SURABAYA, iNewsSurabaya.id – Puluhan warga Desa Balesari, Kecamatan Ngajum, Kabupaten Malang, mendatangi Sentra Pelayanan Kepolisian Terpadu (SPKT) Polda Jawa Timur pada Rabu (24/9/2025). Mereka melaporkan dugaan praktik mafia tanah yang mengancam kepemilikan lahan tebu yang sudah mereka kuasai sejak puluhan tahun lalu.
Warga merasa hak mereka tiba-tiba dirampas setelah Badan Pertanahan Nasional (BPN) Malang menerbitkan sertifikat baru atas tanah yang sudah bersertifikat hak milik (SHM) resmi sejak tahun 1990-an. Kondisi ini menimbulkan kecurigaan adanya sertifikat ganda.
“Tanah itu sudah dikuasai warga sejak lama, dengan SHM sah dan pajak rutin dibayar. Namun pada 2024, BPN malah mengeluarkan SHM baru atas nama orang lain,” tegas advokat senior Masbuhin dari firma hukum Masbuhin & Partners yang mendampingi warga.

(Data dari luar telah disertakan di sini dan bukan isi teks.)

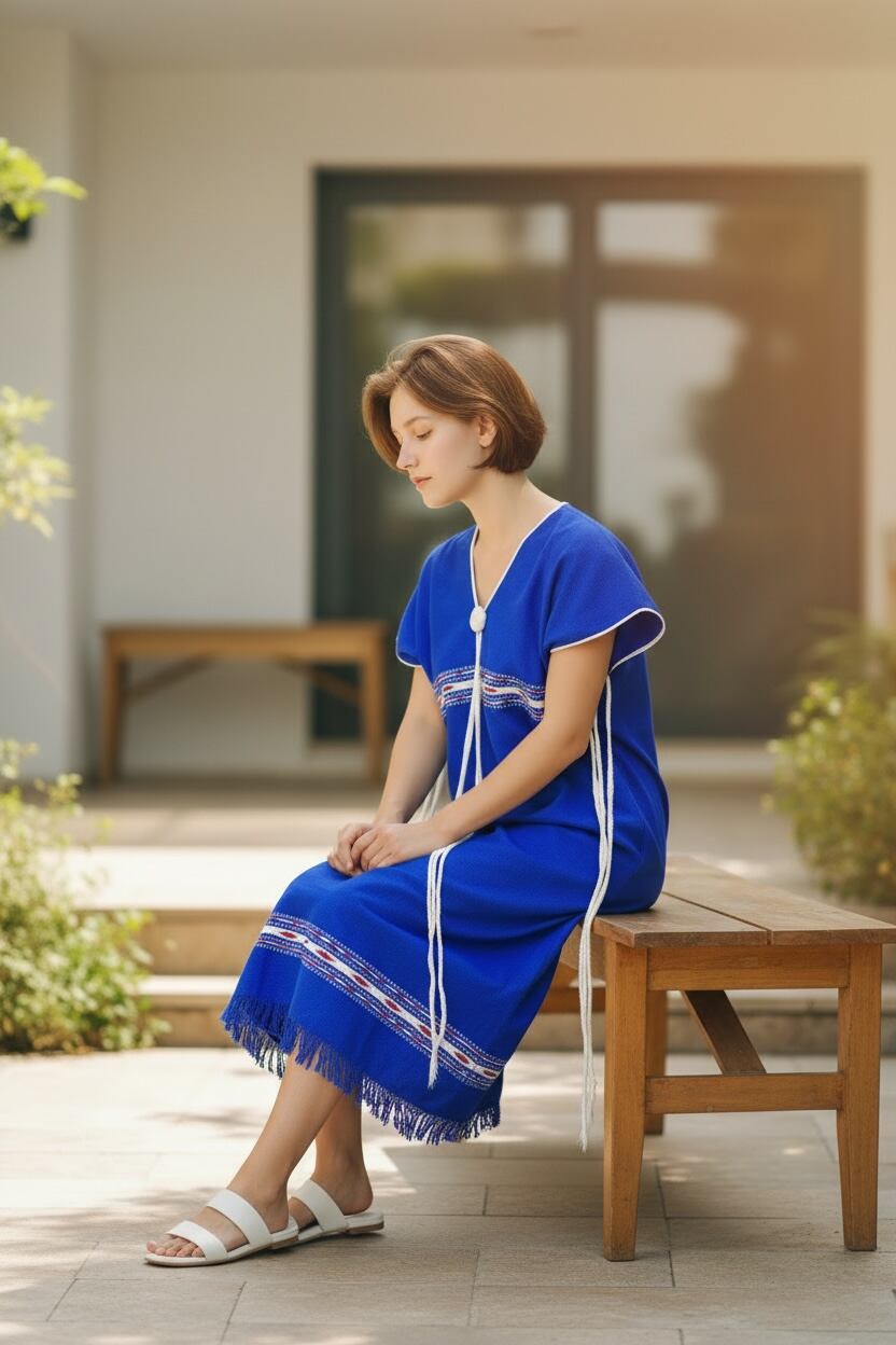 一枚の布の中央に穴を開けて頭を通し、両脇を縫い合わせたシンプルな構造。ゆったりとしたシルエットで、体型を選ばずリラックスしてご着用いただけます。無駄のないつくりが、布本来の美しさと手仕事ならではの温もりを引き立てます。

Tim hukum Masbuhin & Partners telah melakukan pengecekan lapangan sejak 19 September 2025. Hasilnya, ditemukan indikasi kuat adanya penerbitan sertifikat ganda dengan dugaan manipulasi dokumen melalui program Pendaftaran Tanah Sistematis Lengkap (PTSL).
Beberapa kasus yang mencuat antara lain: Tarimin, pemilik SHM No. 603 seluas 4.630 m² sejak 1993, namun pada 31 Juli 2024 BPN menerbitkan SHM baru No. 01049 atas nama MSE dengan menggabungkan tanah tiga warga, ada lagi Sri Rahayu, yang membeli tanah secara resmi pada 2013, juga mendapati lahan miliknya diterbitkan SHM baru No. 02148 atas nama MDZ pada 2024.

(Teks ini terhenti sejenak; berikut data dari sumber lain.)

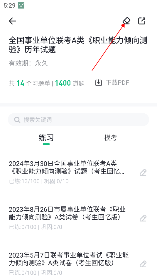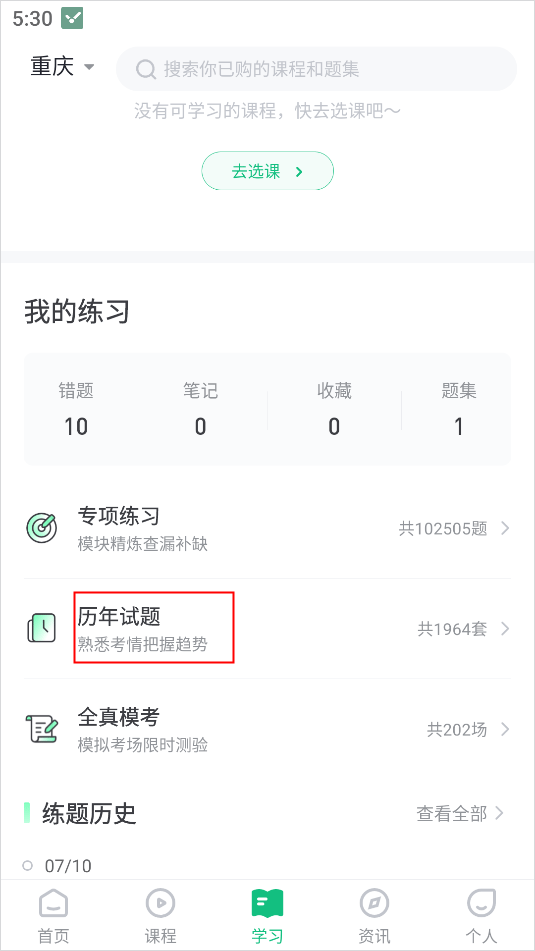2、进入到学习页面,点击我的练习下方的“历年试题”选项
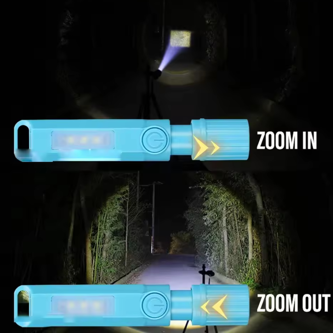 یکی از مهمترین ویژگیهای این چراغ قوه، قابلیت زوم (Focus Adjustable) است که امکان تنظیم نور از حالت پخش و گسترده (Flood) برای روشن کردن محدودههای نزدیک، تا حالت نقطهای و متمرکز (Spot) برای دستیابی به برد بیشتر تا ۳۰ متر را فراهم میکند. این ویژگی باعث میشود XJ-811 هم بهعنوان چراغ قوهای مخصوص فعالیتهای نزدیک و هم برای ردیابی یا پیدا کردن مسیر در محیط تاریک مورد استفاده قرار گیرد.
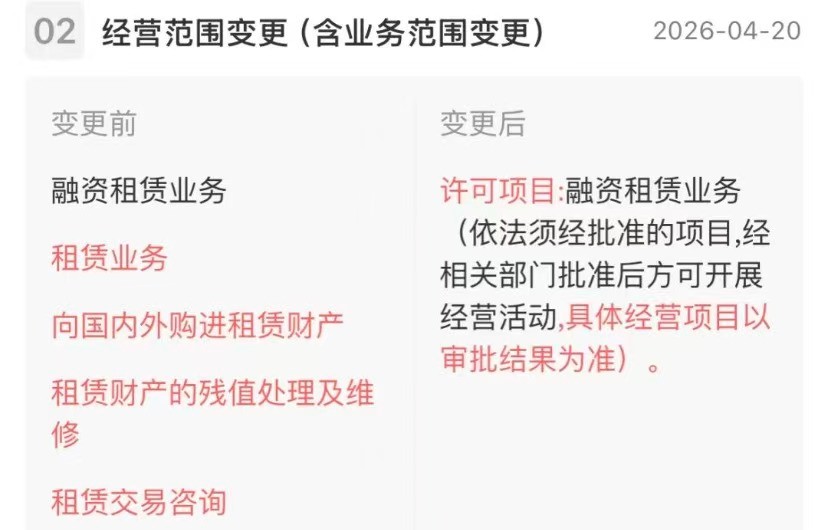 为了此次赴美上市,大搜车进行了主动的自我清理。2026年3月,浙江省地方金融管理局批复同意浙江大搜车融资租赁有限公司变更经营范围,这被视为公司在合规层面主动收窄金融业务边界、配合上市备案需求的关键一步。

“Hari ini warga resmi melapor pidana ke Polda Jatim. Kami berharap penyidik bekerja cepat dan transparan untuk mengungkap praktik mafia tanah ini,” tambah Masbuhin.

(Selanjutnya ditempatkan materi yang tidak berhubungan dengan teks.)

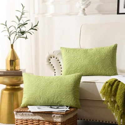 Unique Bargains Velvet Modern Solid Couch Sofa Home Decorative Pillow Covers Green 12" x 20" 2 Pcs
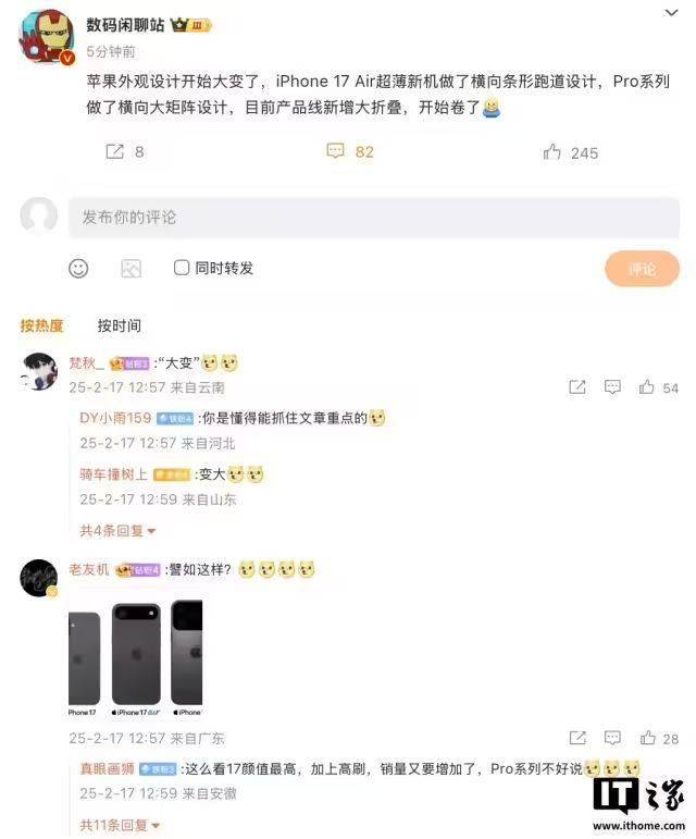 据微博博主昨日(2 月 17 日)发文透露:“ 苹果外观设计开始有较大幅度调整”,其中“iPhone 17 Air 超薄新机做了横向条形跑道设计,Pro 系列做了横向大矩阵设计,目前产品线新增大折叠。”
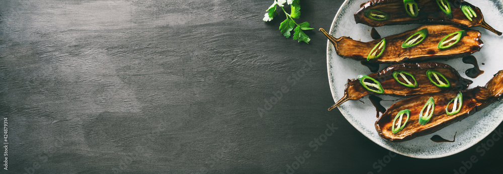 Grilled eggplant with spicy sauce on plate over black wooden background. Healthy food, vegan, top view, toning
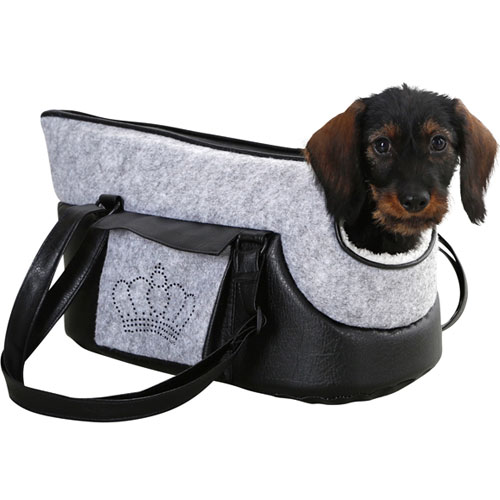 Mooie, sierlijke hondentas geschikt voor kleine hondenrassen, voorzien van een opdruk met steentjes in de vorm van een kroon. De tas beschikt over een riempje en heeft een heerlijk zacht kussentje aan de binnenkant.

Kasus tersebut telah teregister dengan Nomor: LP/B/1197/VIII/2025/SPKT/POLDA JAWA TIMUR. Untuk sementara, baru sekitar 20 warga dengan luas lahan mencapai 15 hektare yang melapor. Namun, diperkirakan masih ada lebih dari 30 warga lain yang akan menyusul.
Masbuhin menyebut praktik ini diduga melibatkan banyak pihak, mulai dari pelaku utama, penyuruh, hingga pihak yang mendanai.
Salah satu warga, Ponidi, mengaku sangat terkejut ketika mengetahui tanahnya juga bermasalah. Ia baru sadar setelah menerima surat ancaman dari seseorang bernama Saiful Effendi yang mengklaim sebagai pemilik sah berdasarkan sertifikat baru.
“Saya membeli tanah dari pemegang hak garap hasil redistribusi tanah kelebihan maksimum. Semua proses saya tempuh resmi hingga keluar sertifikat sah. Jadi saat tahu ada sertifikat baru, kami benar-benar syok,” ungkap Ponidi.
Kasus ini menambah panjang daftar praktik mafia tanah di Indonesia. Para korban berharap laporan mereka segera ditindaklanjuti agar kepastian hukum bisa ditegakkan, serta hak masyarakat kecil tidak mudah dirampas oleh oknum yang bermain dalam penerbitan sertifikat ganda.